Re: nifi is running out of memory

Posted by Gop Krr <go...@gmail.com>.
James, permission issue got resolved. I still don't see any write.

On Fri, Oct 28, 2016 at 10:34 AM, Gop Krr <go...@gmail.com> wrote:

> Thanks James.. I am looking into permission issue and update the thread. I
> will also make the changes as you per your recommendation.
>
> On Fri, Oct 28, 2016 at 10:23 AM, James Wing <jv...@gmail.com> wrote:
>
>> From the screenshot and the error message, I interpret the sequence of
>> events to be something like this:
>>
>> 1.) ListS3 succeeds and generates flowfiles with attributes referencing
>> S3 objects, but no content (0 bytes)
>> 2.) FetchS3Object fails to pull the S3 object content with an Access
>> Denied error, but the failed flowfiles are routed on to PutS3Object (35,179
>> files / 0 bytes in the "putconnector" queue)
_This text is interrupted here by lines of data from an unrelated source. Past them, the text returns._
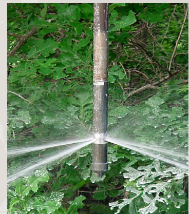
Pressure-Activated Injection Probe: How it Works

Geoprobe® Injection Probe in action. Four-Port, 360 degree horizontal injection for top-down or bottom-up injection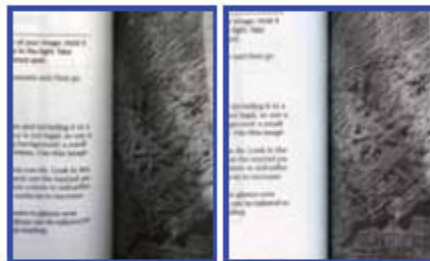
One-Way Light Source

LS-4600 provides you with fantastic experiments of large-scale images scanning, such as historical documents and data processing and guarantees superior color quality at the same time.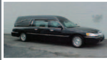
2000 Lincoln Eagle Hearse. Black with Black Leather

SERVING THE FUNERAL INDUSTRY FOR OVER 40 YEARS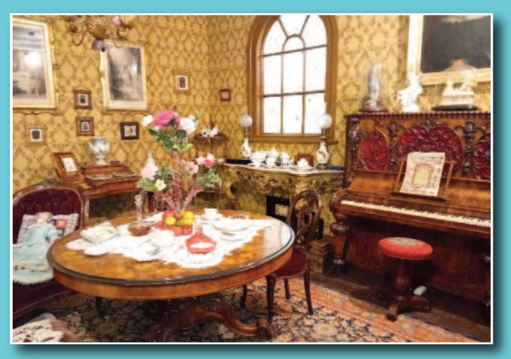
In all a brilliant day out.

We can still only afford one servant, a maid of all works. She does well with all the heavy work considering she is only 15.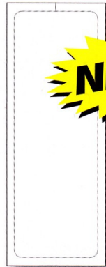
4 1/4" x 11"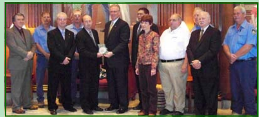
The 2009 agency winner – Northeast Correctional Center (Bowling Green).

>> 3.) PutS3Object is succeeding, writing the 0 byte content from ListS3
>>
>> I recommend a couple thing for FetchS3Object:
>>
>> * Only allow the "success" relationship to continue to PutS3Object.
>> Separate the "failure" relationship to either loop back to FetchS3Object or
>> go to a LogAttibute processor, or other handling path.
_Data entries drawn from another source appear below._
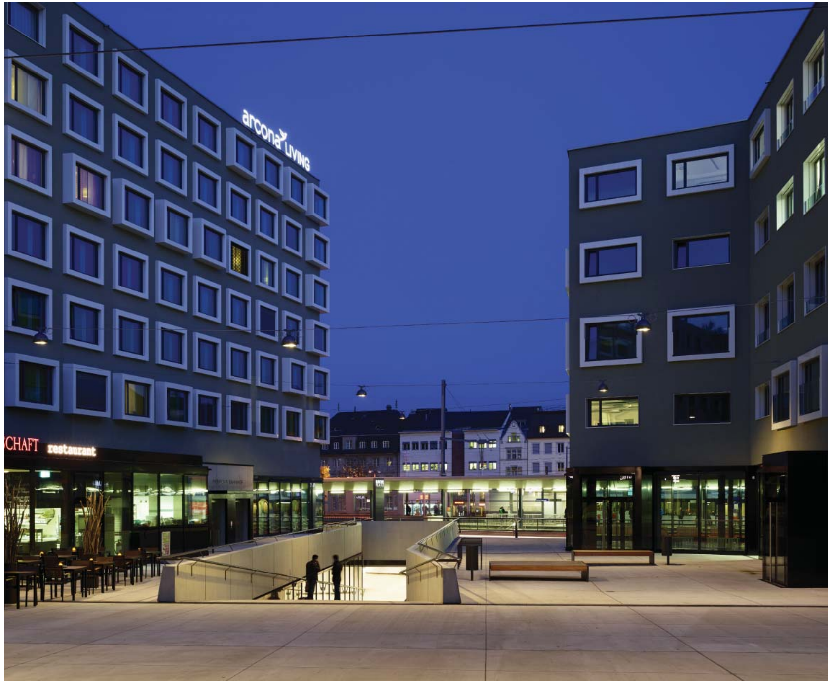
view towards historic center after intervention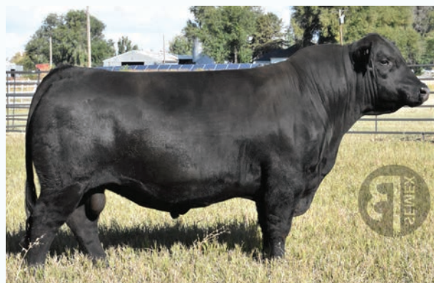
Ellingson Top Shelf 5050 SIRE

Exposed to Crooked Creek Movin On 95K May 13 - June 16, and HA Outside 5307 June 17 - Sept 1, 2024.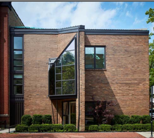
Walter Netsch (1974)

>> * It looks like the permissions aren't working, you might want to
>> double-check the access keys or try a sample file with the AWS CLI.
>>
>> Thanks,
>>
>> James
>>
>>
>> On Fri, Oct 28, 2016 at 10:01 AM, Gop Krr <go...@gmail.com> wrote:
>>
>>> This is how my nifi flow looks like.
>>>
>>> On Fri, Oct 28, 2016 at 9:57 AM, Gop Krr <go...@gmail.com> wrote:
>>>
>>>> Thanks Bryan, Joe, Adam and Pierre. I went past this issue by switching
>>>> to 0.71.  Now it is able to list the files from buckets and create those
>>>> files in the another bucket. But write is not happening and I am getting
>>>> the permission issue ( I have attached below for the reference) Could this
>>>> be the setting of the buckets or it has more to do with the access key. All
>>>> the files which are creaetd in the new bucket are of 0 byte.
>>>> Thanks
>>>> Rai
>>>>
>>>> 2016-10-28 16:45:25,438 ERROR [Timer-Driven Process Thread-3]
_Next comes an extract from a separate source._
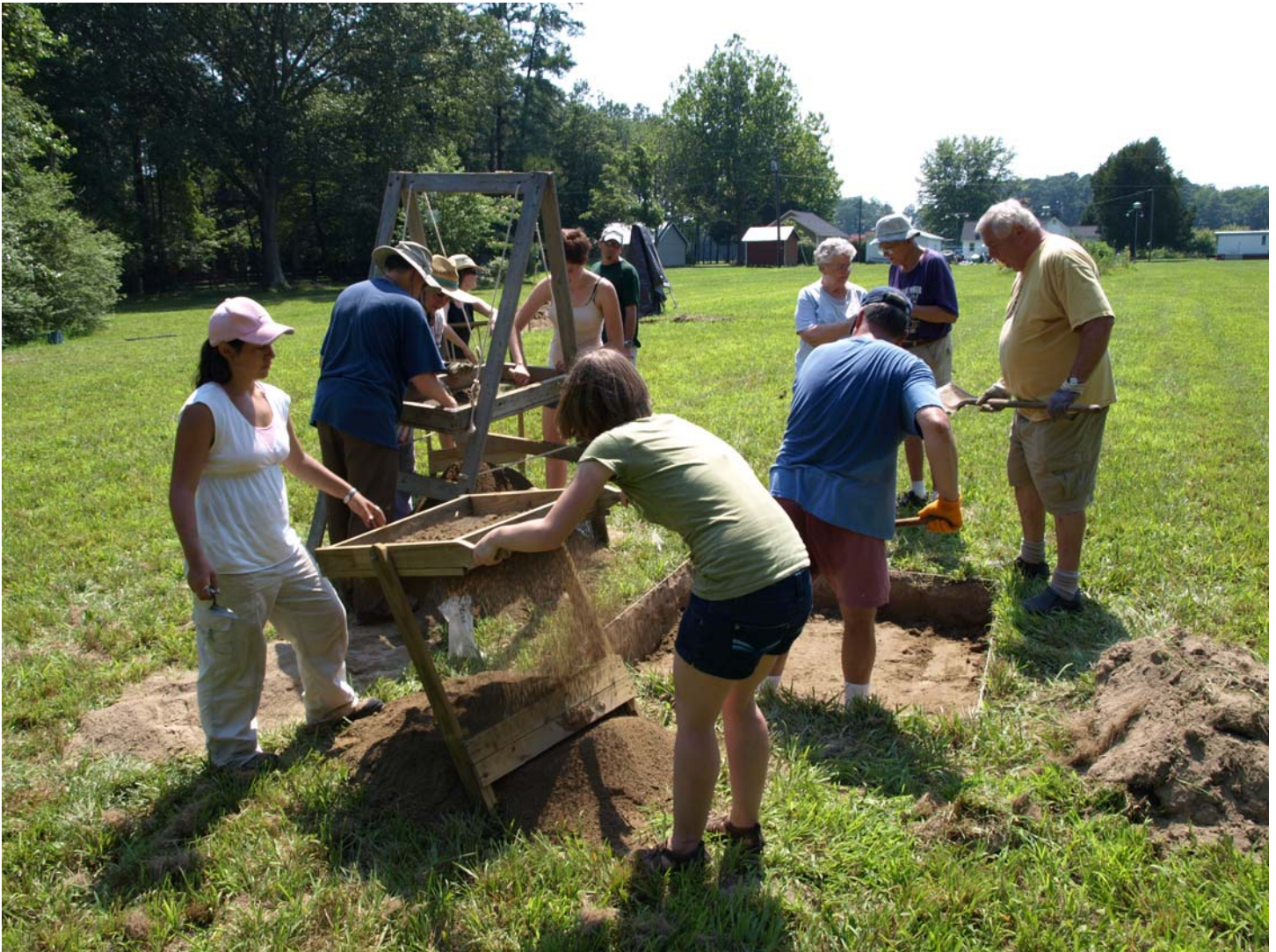
Interns and ASV members at Bailey Site

In 2009 the Middle Peninsula Chapter of the Archeological Society of Virginia (MPCASV) continued working on several projects with the Fairfield Foundation. The Fairfield Foundation is a not-for-profit research organization focusing on the archaeological study of the Burwell family plantation in Gloucester County, and on involving and educating the public in the process of archaeology and the value of historic preservation activities.

>>>> o.a.nifi.processors.aws.s3.FetchS3Object FetchS3Object[id=xxxxx]
>>>> Failed to retrieve S3 Object for StandardFlowFileRecord[uuid=yy
>>>> yyy,claim=,offset=0,name=xxxxx.gz,size=0]; routing to failure:
>>>> com.amazonaws.services.s3.model.AmazonS3Exception: Access Denied
>>>> (Service: Amazon S3; Status Code: 403; Error Code: AccessDenied;
>>>> Request ID: xxxxxxx), S3 Extended Request ID: lu8tAqRxu+ouinnVvJleHkUUyK6J6r
>>>> IQCTw0G8G6DB6NOPGec0D1KB6cfUPsj08IQXI8idtiTp4=
>>>>
>>>> 2016-10-28 16:45:25,438 ERROR [Timer-Driven Process Thread-3]
>>>> o.a.nifi.processors.aws.s3.FetchS3Object
>>>>
>>>> com.amazonaws.services.s3.model.AmazonS3Exception: Access Denied
>>>> (Service: Amazon S3; Status Code: 403; Error Code: AccessDenied;
>>>> Request ID: 0F34E71C0697B1D8)
>>>>
>>>>         at com.amazonaws.http.AmazonHttpClient.handleErrorResponse(AmazonHttpClient.java:1219)
>>>> ~[aws-java-sdk-core-1.10.32.jar:na]
>>>>
>>>>         at com.amazonaws.http.AmazonHttpClient.executeOneRequest(AmazonHttpClient.java:803)
>>>> ~[aws-java-sdk-core-1.10.32.jar:na]
>>>>
>>>>         at com.amazonaws.http.AmazonHttpClient.executeHelper(AmazonHttpClient.java:505)
>>>> ~[aws-java-sdk-core-1.10.32.jar:na]
>>>>
>>>>         at com.amazonaws.http.AmazonHttpClient.execute(AmazonHttpClient.java:317)
>>>> ~[aws-java-sdk-core-1.10.32.jar:na]
>>>>
>>>>         at com.amazonaws.services.s3.AmazonS3Client.invoke(AmazonS3Client.java:3595)
>>>> ~[aws-java-sdk-s3-1.10.32.jar:na]
>>>>
>>>>         at com.amazonaws.services.s3.AmazonS3Client.getObject(AmazonS3Client.java:1116)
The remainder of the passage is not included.